1) We draw attention to Note No.58 to the financial statements with regards to the implementation of Resolution Plan wherein, as informed by the management, the entire Resolution Plan has been finalized in terms of the RBI Circular No. RBI/2018-19/ 203, DBR.No.BP.BC.45/21.04.048/2018-19 dated June 7, 2019 on Prudential Framework for Resolution of Stressed Assets, pursuant to the approval by the Lenders of the Company, as approved by the Hon'ble Supreme Court of India vide its order dated March 3, 2023 and the special resolution passed by the shareholders dated March 25, 2023. The financial statements have been prepared considering after implementation of Resolution Plan and transfer of undertaking to Reliance Commercial Finance Limited, 100% subsidiary of Authum Investment & Infrastructure Limited (Resolution Applicant). Post implementation of the Resolution Plan, the financial statements of the Company represent the assets and liabilities remaining with the Company. The Company in consultation with the Lead Bank, Debenture Trustee, Legal and Financial Advisors, took the appropriate steps towards implementing the approved Resolution Plan as mentioned in detail in the said note. The total Resolution amount was of ' 3,351 Crore and the Company has incurred Net Loss amounting to ' 277.24 Crore on implementation of resolution plan.

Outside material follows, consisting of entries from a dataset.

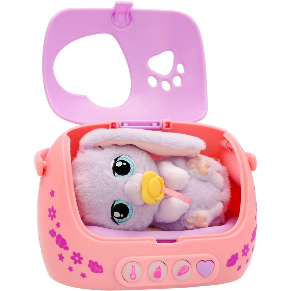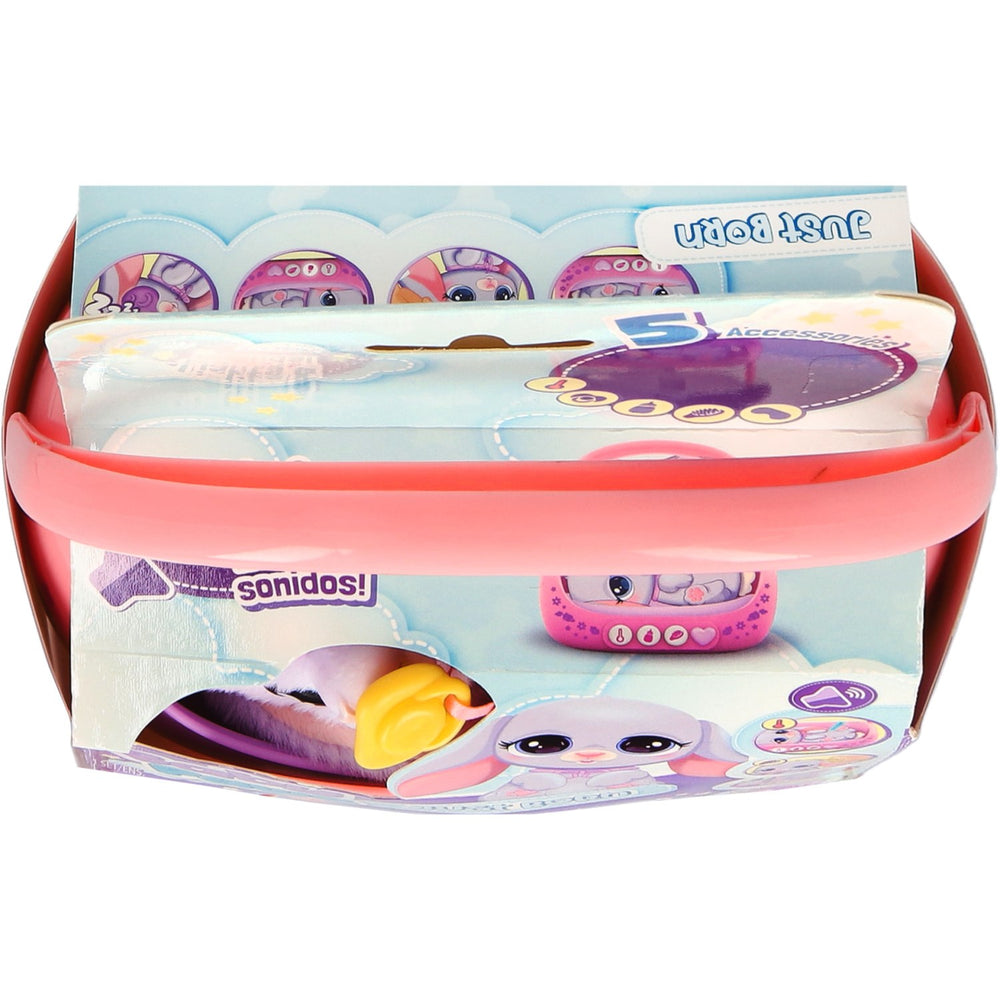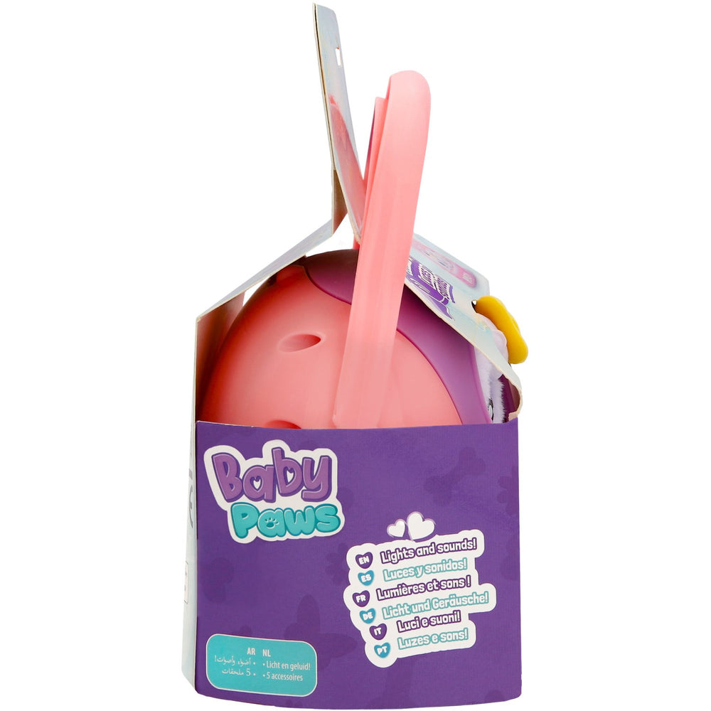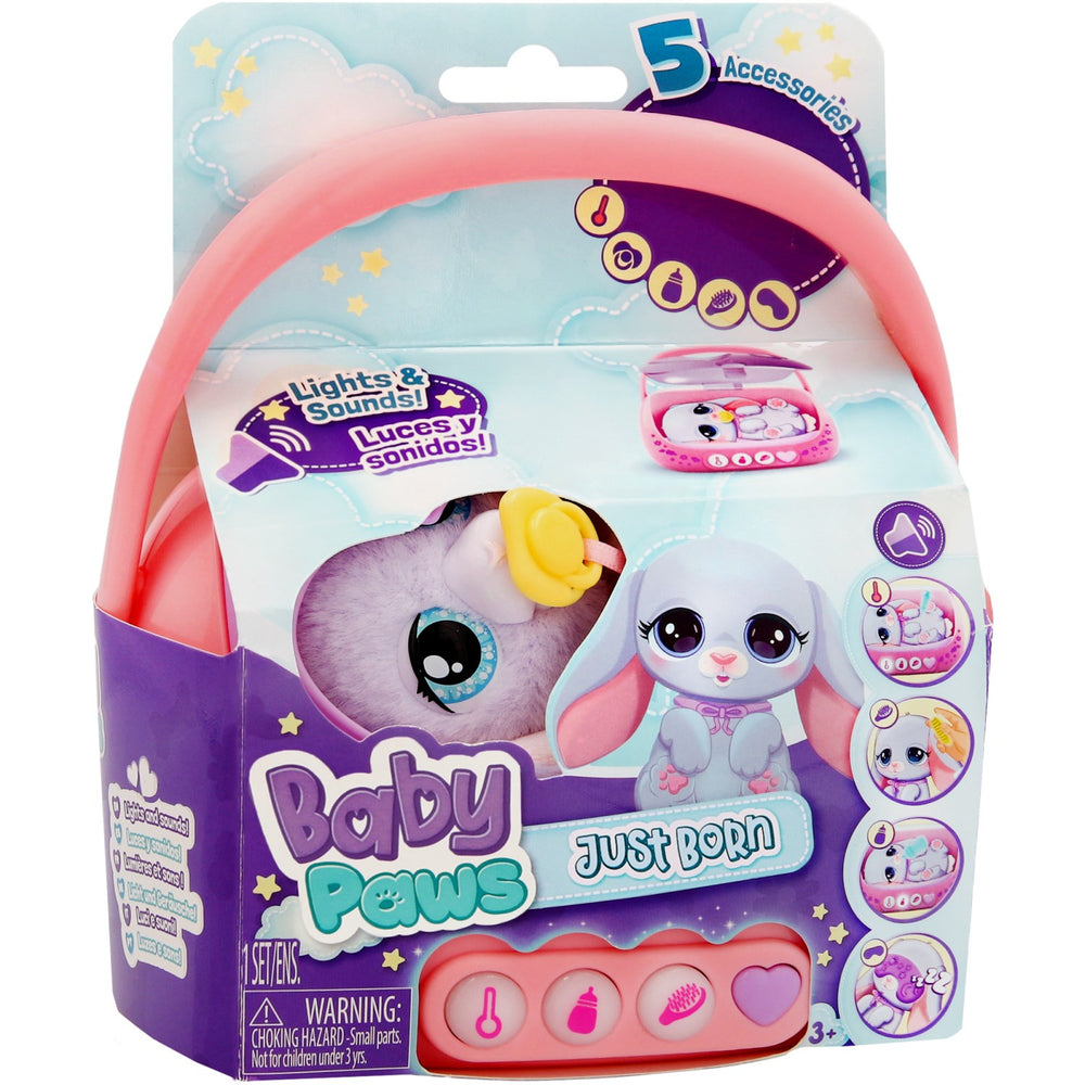Möt Baby Paws Just Born Kanin – en elektronisk och interaktiv leksak som är designad för att ge kärlek och omsorg till de allra minsta. Den här charmiga lilla kaninen behöver din uppmärksamhet och när du trycker på dess hjärtknapp lyser en lampa upp för att visa vad din fluffiga vän behöver för att vara glad. Utbudet av tillbehör ökar interaktionen; ge medicin med sprutan, se till att kaninen är mätt med hjälp av flaskan, eller använd borsten för att få pälsen att glänsa. Baby Paws kaninen är perfekt för barn från 18 månader och uppåt, säkerställandes att leken är både ålderslämplig och säker. Den tillhörande specialdesignade transportlådan med handtag gör kaninen lätt att ta med sig på äventyr, vilket även förenklar förvaring och transport. Enkel att använda, varje tryck och varje handling bidrar till barnets lärande om ansvar och känslomässig intelligens. Med den medföljande sömnmasken kan barnet lära sig om vilo- och viloutiner på ett underhållande sätt. Lek med Baby Paws främjar inte bara kognitiv och emotionell utveckling utan också finmotorik genom dess olika interaktiva element.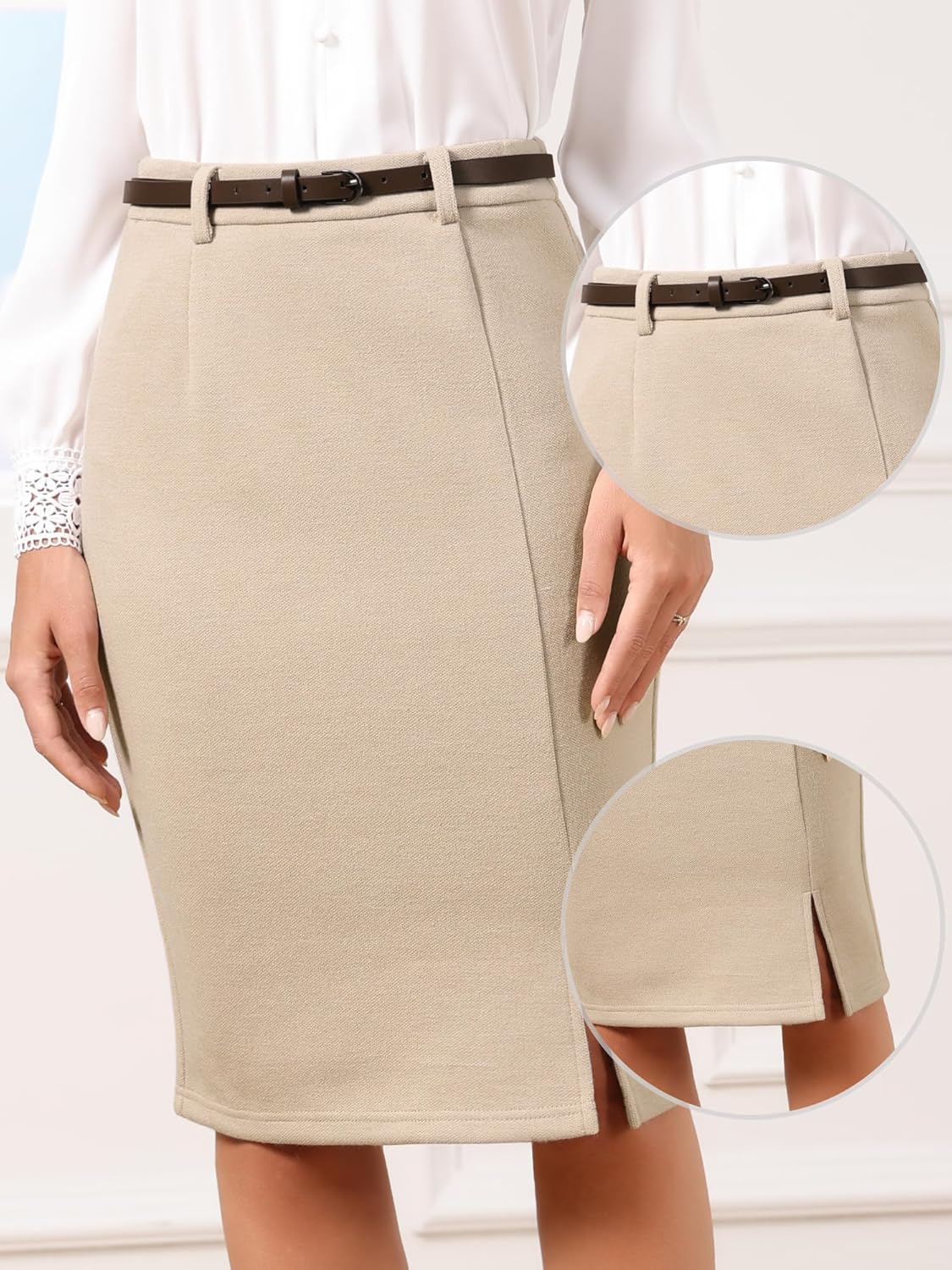 Allegra K Pencil Skirt for Women Knee Length High Waisted Skirts with Slit Elegant Office Work Skirt with BeltElevate your wardrobe with stunning collection of women's skirts designed specifically for women ladies girls. Crafted from soft fabric, the knee length skirt offer a perfect blend of style and comfort. Featuring a flattering high waist design, they are ideal for creating chic spring summer fall outfits for 2026. These versatile high waisted skirts for women can be paired effortlessly with any top, making them a must-have for ladies and girls alike. The bodycon silhouette adds a touch of elegance, while the invisible side zipper ensures a seamless look and easy wear. Whether you're dressing up for formal or keeping it casual, these pencil skirt for women will become your go-to choice. Complete your outfit with a stylish belt to accentuate your waist and make a bold fashion statement. Don't miss out on this essential addition to your closet—shop skirts for women today!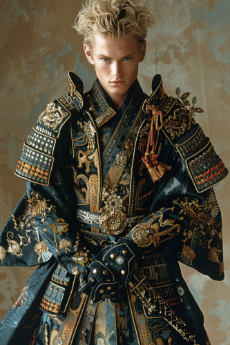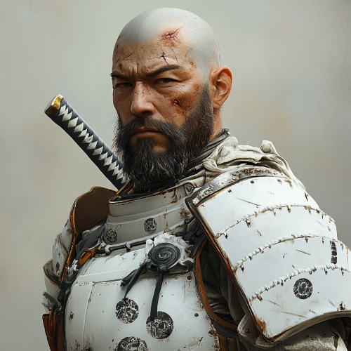 A resolute samurai army, standing against the Mongol invasions of the 13th century, swords flashing in the chaos of battle, iconic armor glinting in the sunlight. Hyper realistic. Photographic. UHD. Dramatic imagery. High contrast. Action shot. Candid 8K

Our opinion is not modified in respect of this matter.

2) SEBI had issued an Interim Order cum Show Cause Notice dated February 1 1, 2022 under Sections 11(1), 11(4) and 11B(1) of the SEBI Act, 1992 ("Notice") against the Company, its individual promoter and the then Key Managerial Personnel ("Noticees") and has restrained the Noticees from buying, selling, or dealing in securities, either directly or indirectly, in any manner whatsoever until further notice. Further, Individual Noticees have been restrained from associating themselves with any intermediary registered with SEBI, any listed public company or from acting as a director / promoter of any public company which intends to raise money from the public, till further notice. The Management is of the view that the notice is an Interim Order and no financial implication can be ascertained at this stage. As informed by the management, the Company is in the final stages of preparing response to the notice in consultation with the legal advisors, taking into consideration the transfer of Company's

business undertaking to Reliance Commercial Finance Limited, a wholly owned subsidiary of Authum Investment & Infrastructure Limited (Resolution Applicant), pursuant to RBI Circular No. RBI/2018-19/ 203, DBR.No.BP.BC.45/21.04.048/2018-1 9 dated June 7, 2019 on Prudential Framework for Resolution of Stressed Assets, the order of Supreme Court of India dated March 3, 2023 and the special resolution passed by the shareholders dated March 25, 2023.

Our opinion is not modified in respect of this matter.

Key Audit Matters

Key audit matters are those matters that, in our professional judgment, were of most significance in our audit of the Ind AS financial statements for the financial year ended March 31, 2023. These matters were addressed in the context of our audit of the Ind AS financial statements as a whole, and in forming our opinion thereon, and we do not provide a separate opinion on these matters. For each matter below, our description of how our audit addressed the matter is provided in that context.

We have determined the matters described below to be the key audit matters to be communicated in our report. We have fulfilled the responsibilities described in the Auditor's responsibilities for the audit of the Ind AS financial statements section of our report, including in relation to these matters. Accordingly, our audit included the performance of procedures designed to respond to our assessment of the risks of material misstatement of the Ind AS financial statements. The results of our audit procedures, including the procedures performed to address the matters below, provide the basis for our audit opinion on the accompanying Ind AS financial statements.

Key audit matters

How our audit addressed the Key audit measures

We draw attention to Note No.58 to the financial statements with regards to the implementation of Resolution Plan wherein, as informed by the management, the entire Resolution Plan has been finalized in terms of the RBI Circular No. RBI/2018-19/ 203, DBR.No.BP.BC.45/21.04.048/2018-1 9 dated June 7, 2019 on Prudential Framework for Resolution of Stressed Assets, pursuant to the approval by the Lenders of the Company, as approved by the Hon'ble Supreme Court of India vide its order dated March 3, 2023 and the special resolution passed by the shareholders dated March 25, 2023. The financial statements have been prepared considering after implementation of Resolution Plan and transfer of undertaking to Reliance Commercial Finance Limited, 100% subsidiary of Authum Investment & Infrastructure Limited (Resolution Applicant). Post implementation of the Resolution Plan, the financial statements of the Company represent the assets and liabilities remaining with the Company. The total Resolution amount was of ' 3,351 Crore and the Company has incurred Net Loss amounting to ' 277.24 Crore on implementation of resolution plan.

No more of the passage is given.